Starten wir doch gleich mal mit einer ersten Frage an die Maus: Warum endet eine Familienshow mit Kindern und für Kinder eigentlich erst um 23:30 Uhr? Nicht, dass Kids nicht auch mal länger aufbleiben dürfen, aber jenseits der 22 Uhr macht sich dann in der Regel echte Müdigkeit breit.

Zweite Frage: Wer weiß mehr und gewinnt am Ende 25.000 Euro für einen guten Zweck? Diese Frage stellte sich am Samstagabend vor allem Eckart von Hirschhausen, der seit 2010 durch das ARD-Format „Frag doch mal die Maus“ führt.

Dieses Mal bei ihm im Einsatz: Team Maus mit Schlagersängerin Beatrice Egli, Fernsehkoch Horst Lichter und Moderator Jörg Pilawa, der selbst von 2006 bis 2009 das Format moderiert hatte, sowie Team Elefant, in dem Schauspielerin Annette Frier, Moderatorin Esther Sedlaczek sowie Schlagerbarde Andreas Gabalier ihr Bestes versuchten. Drei Runden lang, in denen die eigentlichen Stars der Show, die Kids, jede Menge spannende Fragen stellten.

Da verstehen sich aber zwei: Beatrice Egli knutscht Andreas Gabalier

„Frag doch mal die Maus“: Wo ist das Ende vom Regenbogen?

Fragen wie etwa jene von der 9-jährigen Julia aus Berlin: Wo ist das Ende vom Regenbogen?

A: Man erreicht das Ende nur auf flachem, unbebautem Land.
B: Das Ende ist nur von oben aus der Luft zu sehen.
C: Ein Regenbogen ist eigentlich ein Kreis, somit hat er kein Ende.

Die beiden Teams waren da alles andere als sattelfest. „Horst sah am schlausten von uns aus“, fand Pilawa, dessen Gruppe auf Lichter vertraute. „Ich hab einfach nur drauf gehört, was Anette sagt“, gestand wiederum Sedlaczek, die in Sachen Regenbogen nicht gerade auf Expertise zurückgreifen konnte. Sie und alle anderen wurden schließlich von einem Experiment aufgeklärt: Ein Regenbogen ist in Wirklichkeit ein Kreis. Wenn wir auf dem Boden stehen, können wir das jedoch nicht sehen, weil der Rest des Kreises hinter dem Horizont verschwindet, weshalb wir beim Regenbogen eben fast immer nur einen Halbkreis sehen.

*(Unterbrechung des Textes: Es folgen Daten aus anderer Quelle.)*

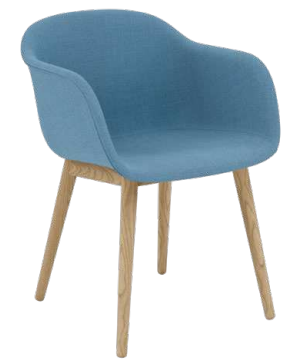
MUUTO Fiber Side Chair
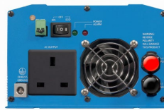
Phoenix Inverter 12/800 with BS 1363 socket
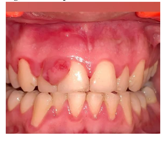
Figure 2 Excision using electrosurgery
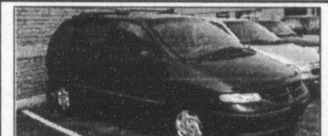
1996 DODGE CARAVAN SE

3.0L, V6, vineyard grey/grey inter., 4 dr, 7 pass., PW, PL, tilt, cruise, built in child seats, A/C. 104,000 km.
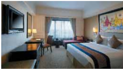
SULE SHANGRI-LA YANGON

Our travel experts have selected these luxury properties, each in a prime location, for your comfort. Details in the design and décor celebrate the local culture and enhance the ambience of each hotel. Their restaurants feature menus of elegantly prepared local and international cuisine. Of utmost importance is the superior quality of the services, amenities and accommodations, allowing you to maximize the enjoyment of your stay.
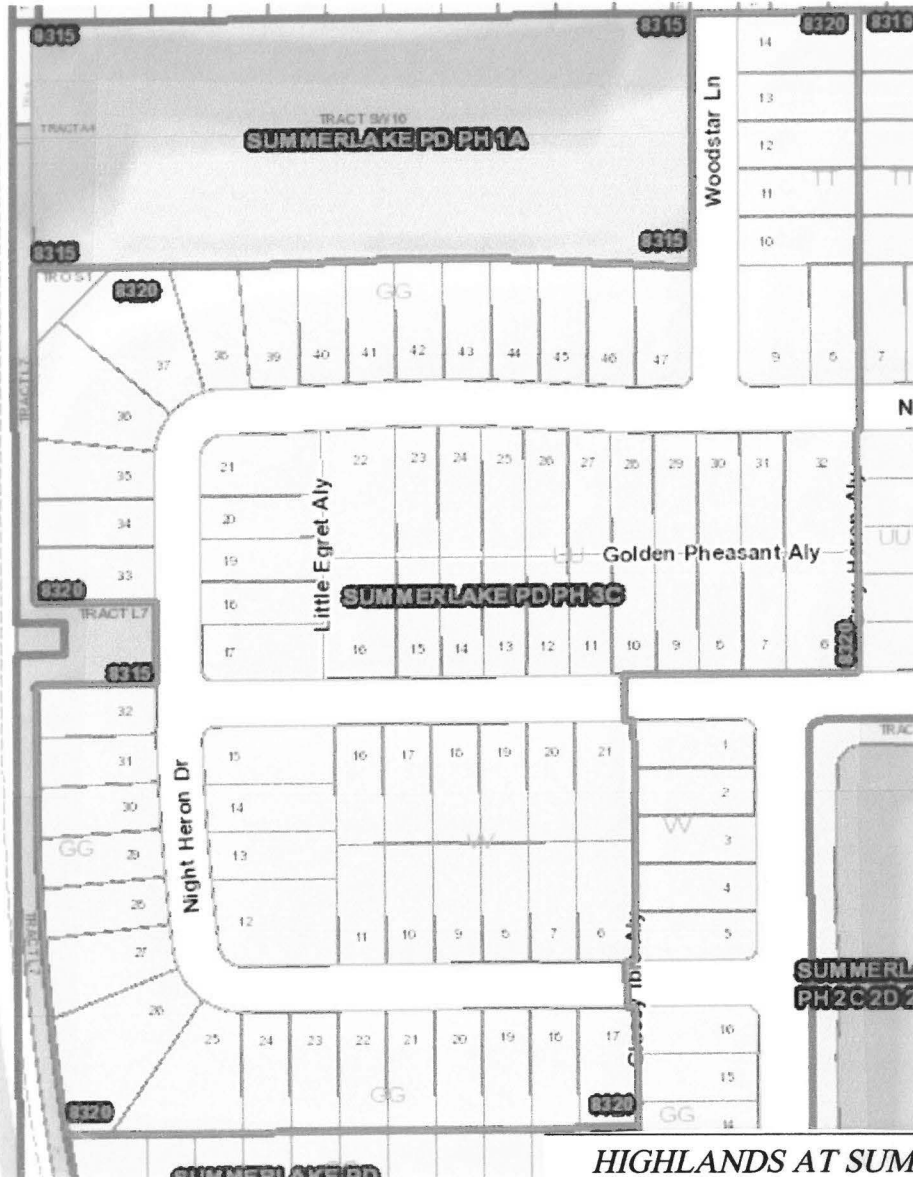
HIGHLANDS AT SUMMERLAKE GROVES PHASE 3C
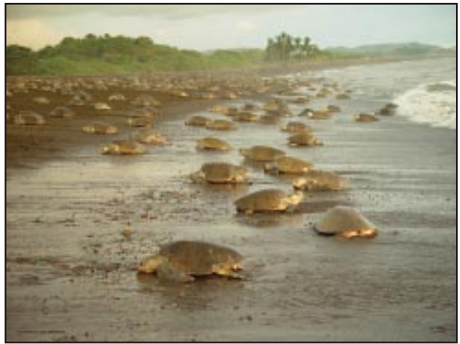
The egg laying ritual of the giant Leatherback turtle is a highlight of Diveworld's Costa Rica diving package

become nesting sites for the giant Leatherback Turtle and divers get to witness their egg-laying ritual, one of the natural world's most remarkable spectacles.
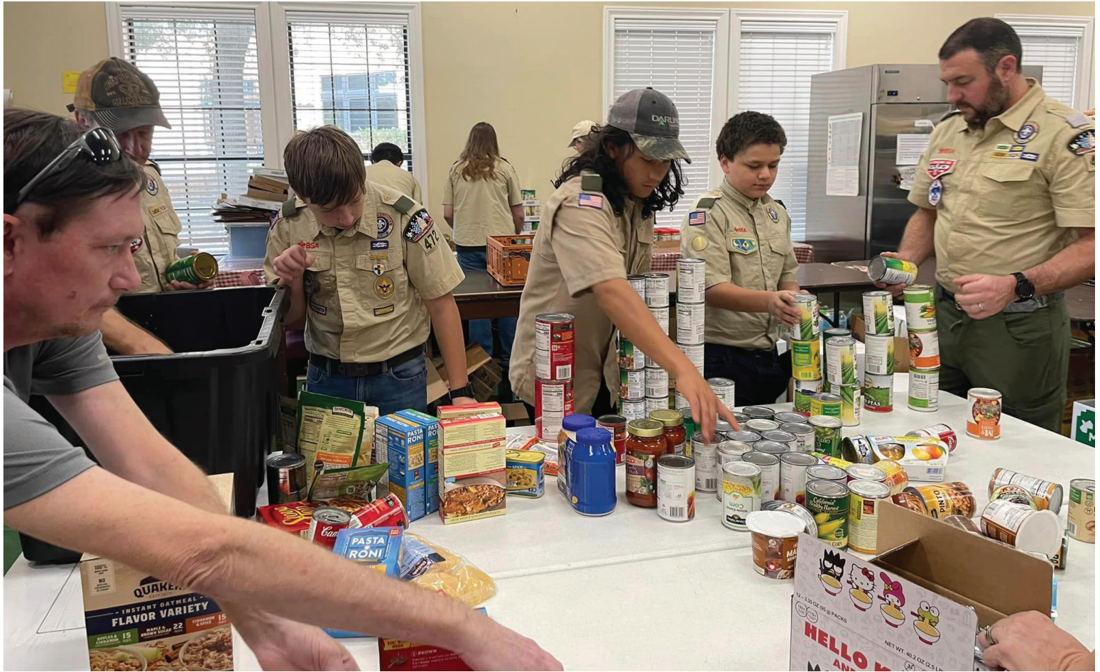
Scouts from Cub Scout Pack 471 and Scouts BSA Troops 98, 472, and 473 donated more than 200 pounds of food to the Elgin Community Cupboard.
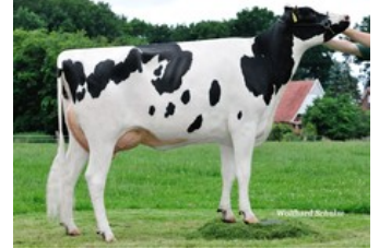
WEU Willow GP-83

Migel x GP-83 Vh Crown x VG-87 Cameron x VG-86 Barclay x Molotov x GP-83 Shamrock x VG-85 Man-O-Man x VG-88 Colby x VG-87 Augustine x VG-85 Ramos
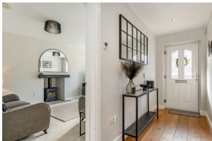
Living Room 18'1 into bay x 10'11 (5.51m into bay x 3.33m)
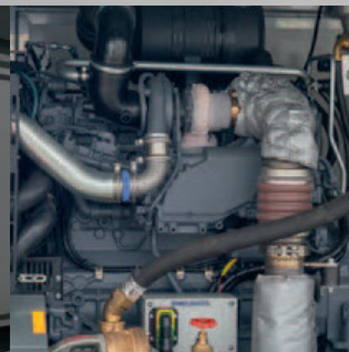
Tier 5 industrial engine
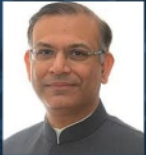
WINGS India 2018
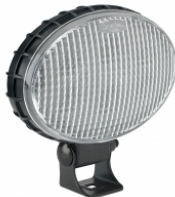
Part Number 1706051 12V LED Work Light with Trapezoid Beam Pattern & DT04-2P Connector
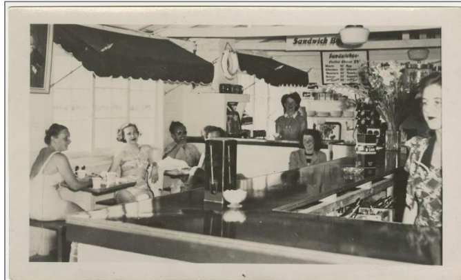
Bluewater Tea Room, Port Elgin, 1947, A2023.069.019
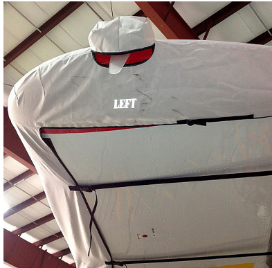
De Havilland Twin Otter Wing Cover wing tip detail

WINTER USE MATERIAL - Made with Solution-Dyed Polyester fabric, this option is intended for seasonal use to aid in deicing, rain mitigation, or for occasional travel. The material is lighter and more compact, but more susceptible to UV damage and may have a shorter useful life if used continuously outside than the all-year use material.
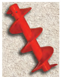
Stub Flight Section
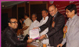
Indian Achievers' Award, 2010
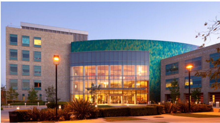
Moores Cancer Center at UC San Diego Health

Participants who are eligible for the Phase I clinical trial must have a diagnosis of neuroblastoma that is verified by pathology or by demonstration of tumor cells in the bone marrow with increased catecholamines – hormones produced by the adrenal glands. Participants must have high-risk disease that is considered either recurrent, refractory or persistent. A special arm of the clinical trial will be opened to evaluate the drug target in especially aggressive cases with alterations in MYCN.
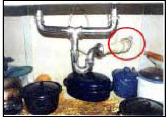
Look for gaps where the water pipes come into your home
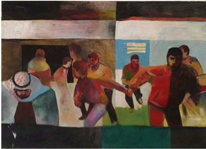
Image 3 Khaled Hourani, a Palestinian visual artist, portrays the intergenerational conflict in his painting From the First Intifada (1987), which was a point of inspiration for one of the video sections.

for international support. In C.I.E I transformed and deformed the postcard by taking out the teacher – the pedagogic figure – and emphasized the instrumentality of the act of taking the picture for propaganda purposes.
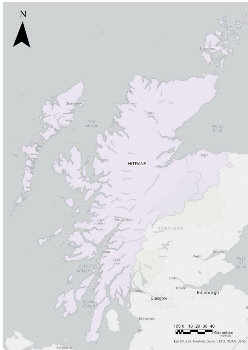
Figure 1.1: Our RTP area

Ungeschickte „Volks-Rock’n’Rollerin“ Gabalier

Zwischen den Fragerunden wurde mitunter auch gespielt. So mussten die Teams etwa unterschiedlich färbige Bälle, die sich in mehreren Säulen stapelten, sortieren, sodass letztlich in allen Säulen stets nur Bälle einer Farbe lagen. Was die Angelegenheit ein wenig schwieriger, aber keineswegs unlösbar machte, war, dass man immer nur einen Ball umsortieren durfte.

„Andreas fängt an“, sagte jemand aus dem Team von Andreas Gabalier, der sich dann auch schon mit einem „Ladys first!“ zu den Bällen aufmachte. Die „Volks-Rock’n’Rollerin“ machte ihre Sache dann aber nicht allzu gut. „Dieses bunte Ballspiel ist so einfach und für diesen dubiosen Gabalier“ zu schwer, ätzte jemand auf Twitter. Die 30 Punkte heimste das Team Elefant dennoch ein.

Von wegen „bunte Hunde“

Apropos bunt: Marlene aus Meckenbeuren war auf den Hund und durch diesen auf eine interessante Frage gekommen. Da es im Tierreich ja jede Menge farbenprächtige Protagonisten gibt, wollte die Neunjährige folgendes wissen:

Warum sind Hunde nicht bunt?

A: Weil ihnen für Farbe im Fell bestimmte Gene fehlen.
B: Weil sie sowieso nur schwarz-weiß sehen.
C: Weil sie sich für buntes Fell zu einseitig ernähren.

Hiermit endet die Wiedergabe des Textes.